Having had this discussion, now, I don't think I'll ever be able to be asked
for "the paper" in the john again without simply replying, "Today's or are
you out?"

I think the possibility of interpreting my neighbor as making a slip of the
tongue would be directly dependant on how close his accent is to mine. (Or
in other words, yes.)

Benjamin Barrett
gogaku at ix.netcom.com

-----Original Message-----
From: American Dialect Society [mailto:ADS-L at LISTSERV.UGA.EDU]On Behalf Of
RonButters at AOL.COM

In a message dated 6/6/2000 8:43:11 PM, gogaku at IX.NETCOM.COM writes:

<< Again, my earlier posts were not intended to be inflammatory, and I

apologize if they appeared that way. >>

Goodness no--this has been a most amusing and enlightening (and polite)
discussion, as far as I am concerned--enlightening because it makes it so
very clear how great is the roll of context in the interpretation of
utterances--including the mental state of the hearer.

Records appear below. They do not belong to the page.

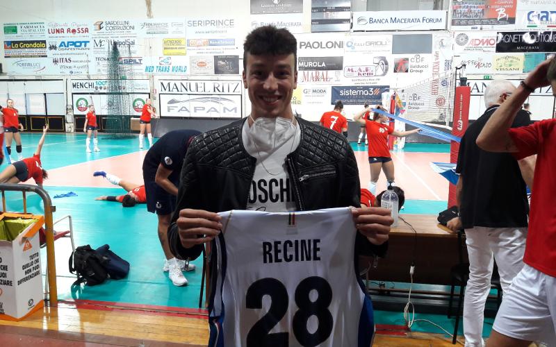 Nel pre-riscaldamento dell'allenamento congiunto della CBF Balducci HR Macerata con la Tenaglia Altino Volley, la graditissima visita di Francesco Recine, neo...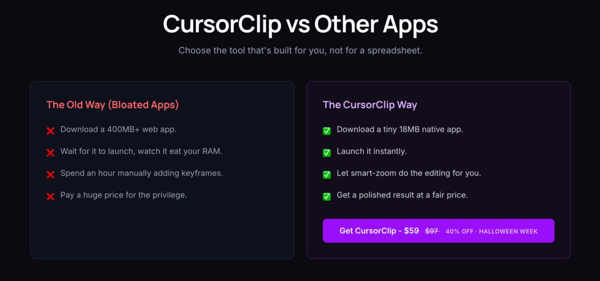 CursorClip is a native macOS screen recorder that captures screen, system audio and microphone while automatically applying cinematic zoom and pan that follows the cursor. It includes webcam recording, custom backgrounds, and a lightweight video editor to add, remove or fine-tune zoom points and export high-quality MP4/MOV or GIF files up to 4K. The app is around 18 MB, launches in under two seconds, and is built for macOS 12+ on Apple Silicon and Intel machines, keeping resource usage minimal for a snappy experience.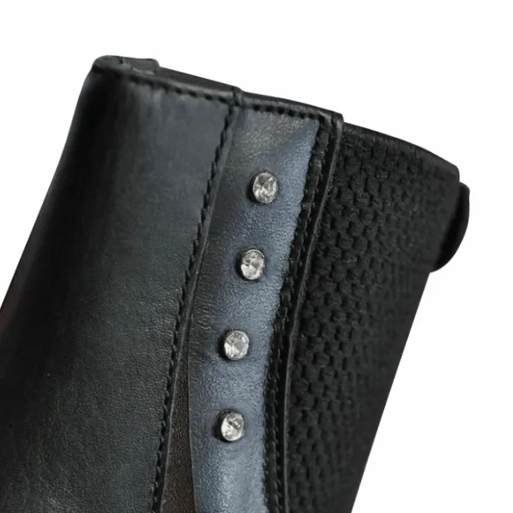 - Liserés de cuir contrasté et petits strass

I suspect if John Kennedy had been dressed as a sweet roll he would have
been
understood differently.

I wonder if Benjamin Barrett is willing to concede that he might just also
possibly have simply assumed that the speaker made a slip of the tongue? I'm
certainly willing to concede that--because THE PAPER is idiomatic for
'today's newspaper'--I would at least have considered that as a possibility
(though, again, I would have ruled it out, I think, on the grounds that I
did
not have a newspaper and that people do not ask for newspapers under such
circumstances--though they might well need to ask for toilet tissue).

Now what if the speaker had said, "Do you have the catalog"?

Perhaps I should make it clear that by a mistake in "grammar" I meant simply
a mistake in the use of the determiner, i.e., the use of THE instead of ANY.